SUPPLIED RECORDS:
········

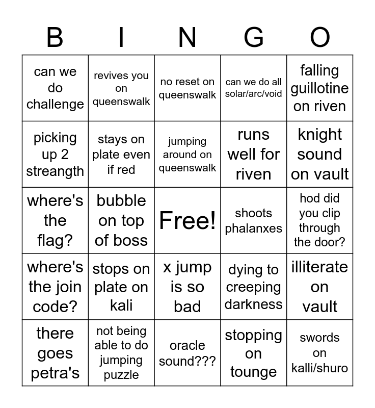 This bingo card has a free space and 24 words: stops on plate on kali, not being able to do jumping puzzle, jumping around on queenswalk, there goes petra's, falling guillotine on riven, can we do challenge, picking up 2 streangth, revives you on queenswalk, shoots phalanxes, x jump is so bad, runs well for riven, where's the flag?, dying to creeping darkness, illiterate on vault, stays on plate even if red, stopping on tounge, hod did you clip through the door?, no reset on queenswalk, knight sound on vault, bubble on top of boss, swords on kalli/shuro, where's the join code?, can we do all solar/arc/void and oracle sound???.
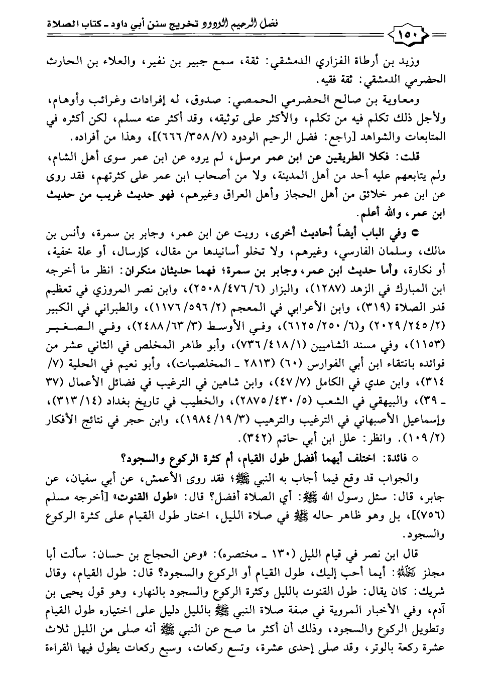 قال ابن نصر في قيام الليل (١٣٠ - مختصره): "وعن الحجاج بن حسان: سألت أبا مجلز - رَحِمَهُ اللّه -: أيما أحب إليك، طول القيام أو الركوع والسجود؟ قال: طول القيام، وقال شريك: كان يقال: طول القنوت بالليل وكثرة الركوع والسجود بالنهار، وهو قول يحيى بن آدم، وفي الأخبار المروية في صفة صلاة النَّبِيّ - صلى الله عليه وسلم - بالليل دليل على اختياره طول القيام وتطويل الركوع والسجود، وذلك أن أكثر ما صح عن النَّبِيّ - صلى الله عليه وسلم - أنه صلى من الليل ثلاث عشرة ركعة بالوتر، وقد صلى إحدى عشرة، وتسع ركعات، وسبع ركعات يطول فيها القراءة
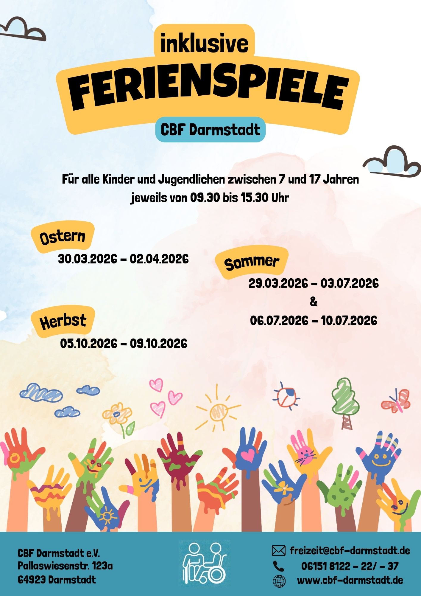 Anmeldungen sind vom 27.04. bis 12.06.2026 über unsere Website www.cbf-da.de/leistungen/freizeitangebote-fuer-kinder-und-jugendliche möglich. Selbstverständlich können Kinder an einer oder beiden Wochen teilnehmen.
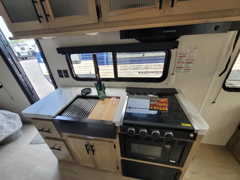 Whether it's a journey that will take you to new locations or a tried-and-true getaway to that favorite and memorable destination, the Forest River Cherokee Grey Wolf travel trailers and toy haulers are going to make the trip worth it every single time! You can travel in confidence with the premium wheel package, seamless roofing membrane with heat reflectivity, Power Gear frame technology with space-saver rail design, and Cherokee back-up camera system. The Cherokee Grey Wolf's interior is highly attractive with its stainless steel kitchen suite package and premium bedding ensemble and comforter. You will also find a black waste tank flush-out kit, an outside shower with hot and cold water, an armored underbelly tank enclosure, and an RV grill quick connect.
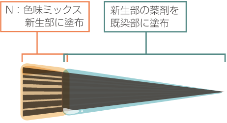 新生部塗布→10分放置→コームでなじませ5分放置→既染部塗布→10分放置
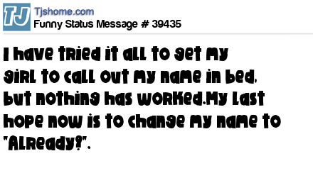 - # 47248 I have tried it all to get my girl to call out my name in bed, but nothing has worked.My last hope now is to change my name to "Already?".

········

WHAT IS REQUIRED: Repeat word for word only the lines from the line holding "Anmeldungen sind vom" to the final line of the material, both included. Don't carry over any picture.

RESULT OF THE TASK:
 Anmeldungen sind vom 27.04. bis 12.06.2026 über unsere Website www.cbf-da.de/leistungen/freizeitangebote-fuer-kinder-und-jugendliche möglich. Selbstverständlich können Kinder an einer oder beiden Wochen teilnehmen.
 Whether it's a journey that will take you to new locations or a tried-and-true getaway to that favorite and memorable destination, the Forest River Cherokee Grey Wolf travel trailers and toy haulers are going to make the trip worth it every single time! You can travel in confidence with the premium wheel package, seamless roofing membrane with heat reflectivity, Power Gear frame technology with space-saver rail design, and Cherokee back-up camera system. The Cherokee Grey Wolf's interior is highly attractive with its stainless steel kitchen suite package and premium bedding ensemble and comforter. You will also find a black waste tank flush-out kit, an outside shower with hot and cold water, an armored underbelly tank enclosure, and an RV grill quick connect.
 新生部塗布→10分放置→コームでなじませ5分放置→既染部塗布→10分放置
 - # 47248 I have tried it all to get my girl to call out my name in bed, but nothing has worked.My last hope now is to change my name to "Already?".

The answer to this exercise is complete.